Life was an adventure for the ‘lady in a hat’
Deepa Bharath
Jean Kuhn was always the “lady in a hat.”
She owned more than 30 hats that she wore with style. Most of them
were dressy, with bows or lace.
It probably all started in her home state of Pennsylvania. Jean
was born in a small town called Westgrove to a registered nurse and
the only dentist in Lancaster County at the time.
Jean’s mother was one of the old-time grand dames who loved to
wear hats.
The greatest love of her life was music. Jean was a natural. She
started playing the piano when she was 5, she played the organ in her
Costa Mesa church, and she conducted the church choir until her
death.
She met her husband, William Kuhn, when she was performing in a
play in North Carolina. He was there visiting Jean’s friend. A year
later, they got married in her hometown. They remained together for
63 years.
Jean was a talented woman who was brimming with creativity. The
one place her talents failed her was in the kitchen.
Family members were always delighted by Jean’s story about how she
set two cakes on fire when she and her husband were a newly married
couple.
They lived in an apartment on the second floor and it was hard to
imagine neighbors’ reactions when they saw two flaming cakes hurtling
down from a kitchen window.
Jean was in some ways like Lucille Ball. She managed to get
herself into bizarre calamities, but she always made light of it.
Jean and her husband moved to Mesa del Mar 35 years ago. To her,
Costa Mesa was paradise. The weather was great. She enjoyed golfing
year-round at Mile Square Park and at the Costa Mesa Country Club.

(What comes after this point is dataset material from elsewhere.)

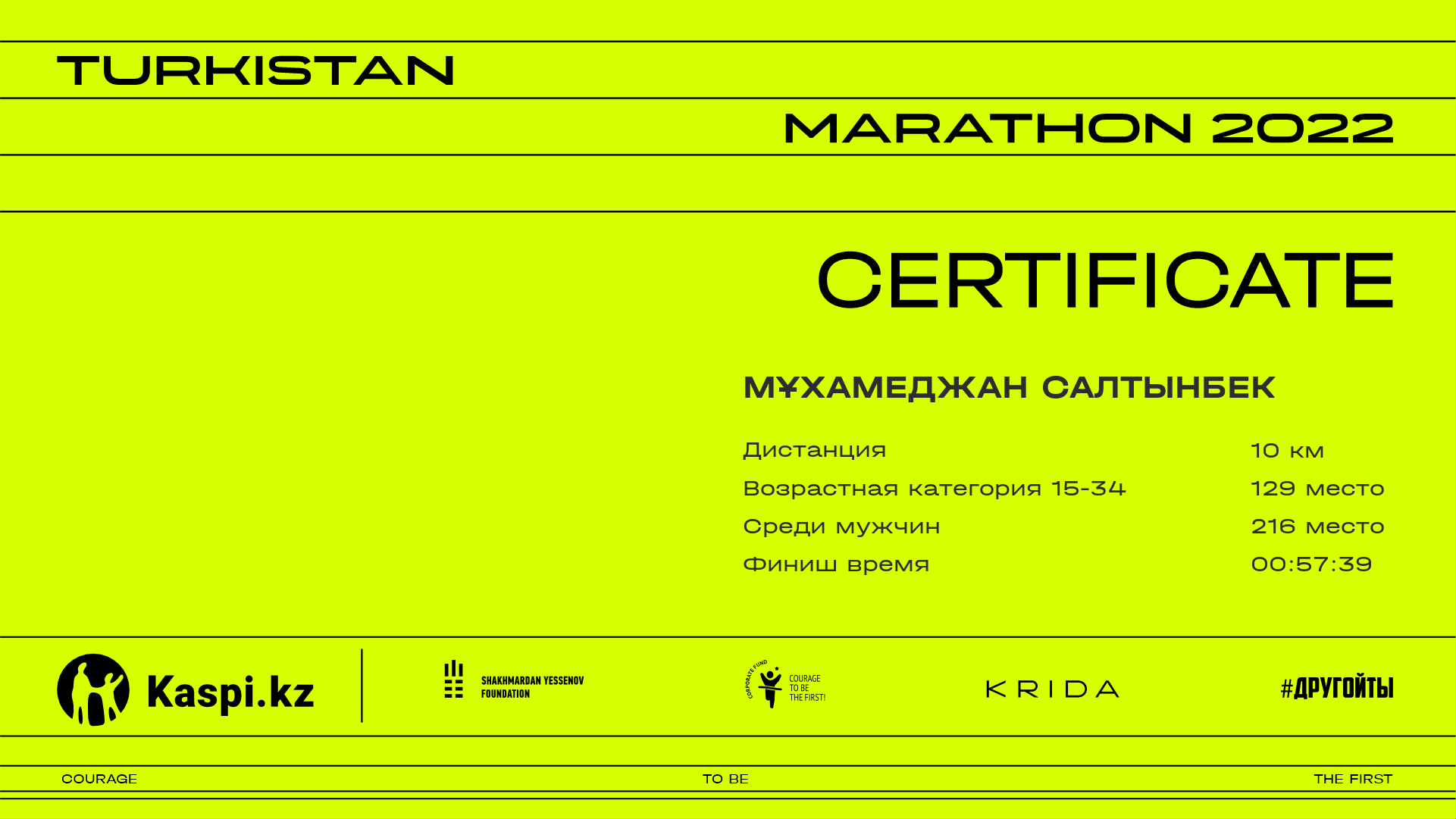 | 300 | Фархад Халмуратов | ![]() | Шымкент | 1444 | 00:30:32.33 | 00:58:15.00 | 00:57:53.25 | Скачать |

Her musical talents found an outlet in church. Jean would lose
track of time when she sat down to play the piano. Her repertoire was
enormous. She could play patriotic songs or spiritual hymns for
hours.
She was also quite a poet. In her later years, when her eyesight
deteriorated and she couldn’t enjoy golf, Jean took to writing
poetry. Her poems mostly had religious themes.
She wrote a few poems about Christmas, creation and even one about
her mother. She didn’t care to rhyme her lines, but rather, wrote
free verse.
Some of Jean’s hats were displayed at her memorial service on
Tuesday. Her family gave out some of those hats to Jean’s friends as
a way to remember that dear “lady in a hat.”